▶ **THE TASK**: Where the data below contains pictures, omit them; output the rest word for word.

▶ **DATA SHOWN**:
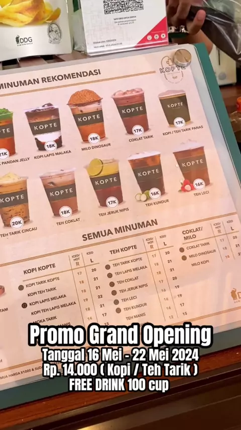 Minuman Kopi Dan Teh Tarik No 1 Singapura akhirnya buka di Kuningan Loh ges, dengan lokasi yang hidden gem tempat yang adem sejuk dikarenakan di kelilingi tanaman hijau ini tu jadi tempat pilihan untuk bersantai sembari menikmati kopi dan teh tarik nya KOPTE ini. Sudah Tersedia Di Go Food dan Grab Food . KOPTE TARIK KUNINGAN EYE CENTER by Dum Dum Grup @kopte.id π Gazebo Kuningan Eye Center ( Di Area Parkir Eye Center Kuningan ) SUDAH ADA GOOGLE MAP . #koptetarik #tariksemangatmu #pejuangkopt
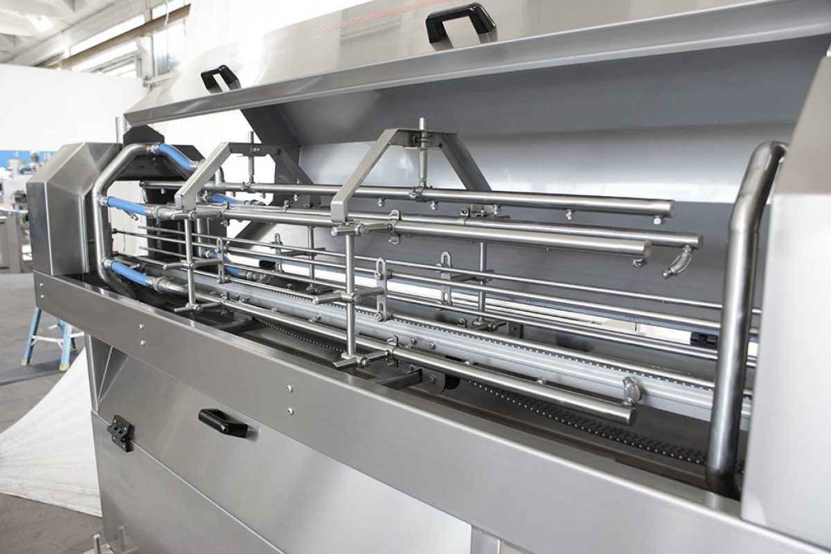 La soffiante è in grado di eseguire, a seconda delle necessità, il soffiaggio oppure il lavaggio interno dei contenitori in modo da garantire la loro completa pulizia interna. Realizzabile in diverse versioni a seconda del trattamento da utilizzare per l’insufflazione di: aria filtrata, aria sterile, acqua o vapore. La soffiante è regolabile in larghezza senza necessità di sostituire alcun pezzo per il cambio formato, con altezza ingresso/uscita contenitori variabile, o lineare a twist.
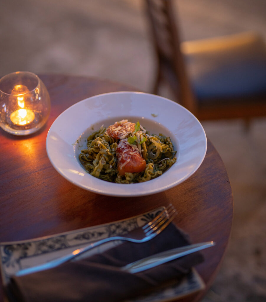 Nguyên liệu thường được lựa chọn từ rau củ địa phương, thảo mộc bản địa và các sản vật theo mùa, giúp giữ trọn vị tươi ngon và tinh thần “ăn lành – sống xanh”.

▶ **RESPONSE**:
 Minuman Kopi Dan Teh Tarik No 1 Singapura akhirnya buka di Kuningan Loh ges, dengan lokasi yang hidden gem tempat yang adem sejuk dikarenakan di kelilingi tanaman hijau ini tu jadi tempat pilihan untuk bersantai sembari menikmati kopi dan teh tarik nya KOPTE ini. Sudah Tersedia Di Go Food dan Grab Food . KOPTE TARIK KUNINGAN EYE CENTER by Dum Dum Grup @kopte.id π Gazebo Kuningan Eye Center ( Di Area Parkir Eye Center Kuningan ) SUDAH ADA GOOGLE MAP . #koptetarik #tariksemangatmu #pejuangkopt
 La soffiante è in grado di eseguire, a seconda delle necessità, il soffiaggio oppure il lavaggio interno dei contenitori in modo da garantire la loro completa pulizia interna. Realizzabile in diverse versioni a seconda del trattamento da utilizzare per l’insufflazione di: aria filtrata, aria sterile, acqua o vapore. La soffiante è regolabile in larghezza senza necessità di sostituire alcun pezzo per il cambio formato, con altezza ingresso/uscita contenitori variabile, o lineare a twist.
 Nguyên liệu thường được lựa chọn từ rau củ địa phương, thảo mộc bản địa và các sản vật theo mùa, giúp giữ trọn vị tươi ngon và tinh thần “ăn lành – sống xanh”.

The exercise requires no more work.